As the patient engagement juggernaut gathers pace, the National eHealth Collaborative has recently weighed in with a Patient Engagement Framework
This is set out in a very simple and useful tabular format and highlights the symptom checker as key tool to engage the patient. Significantly, it includes the tool under the "Engage Me" column supporting “engage and attract” and “retain and interact” activities.
This really shows how the movement has matured from believing that the patient could be informed by just providing a depositary of information but no real means of making sense of it. Now, the proponents of patient engagement realize that an engaged patient must also be an informed and empowered patient and tools must be provided to the patient to help them make sense of the information. Personally, I have always believed that helping the patient to research their own diagnosis with tools, like a powerful symptom checker, elevates the whole patient engagement movement another few notches. It really is crossing the Rubicon as it encourages patients to engage in the crucial but rarefied domain of formulating a differential diagnosis and clinical reasoning.
Since the patient is an expert on their symptoms, why shouldn’t they be encouraged to do this?
As the Framework also states, the provision of a symptom checker is aligned with Stage 1 of Meaningful Use.
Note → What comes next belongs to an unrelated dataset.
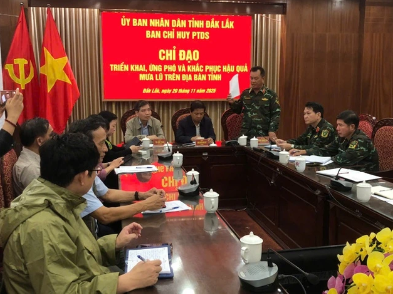 Sáng hôm nay (20/11/2025), Ban Chỉ huy phòng thủ dân sự tỉnh Đắk Lắk đã tổ chức họp khẩn về việc ứng phó mưa lớn, ngập lụt tại các địa phương ở khu vực phía đông (Phú Yên cũ). Tại cuộc họp, Thiếu tướng Trần Thanh Hải, Phó Tư lệnh Quân khu 5 đã đề nghị các cơ quan, lực lượng khẩn trương huy động phương tiện chuyên dụng, hỗ trợ di dời và phân phát lương thực thực phẩm cho bà con hiện đang bị cô lập.

In addition, the Bipartisan Policy Center’s recent report, Improving Quality and Reducing Costs in Health Care: Engaging Consumers Using Electronic Tools found that engaging consumers more fully in their own health and healthcare not only improves the experience of care for patients and their families, but also improves the quality and cost effectiveness of care. The new Accountable Care Organisations and those participating in Patient Centered Medical Home would be well advised to read these documents and make sure that they are offering these tools to their patients.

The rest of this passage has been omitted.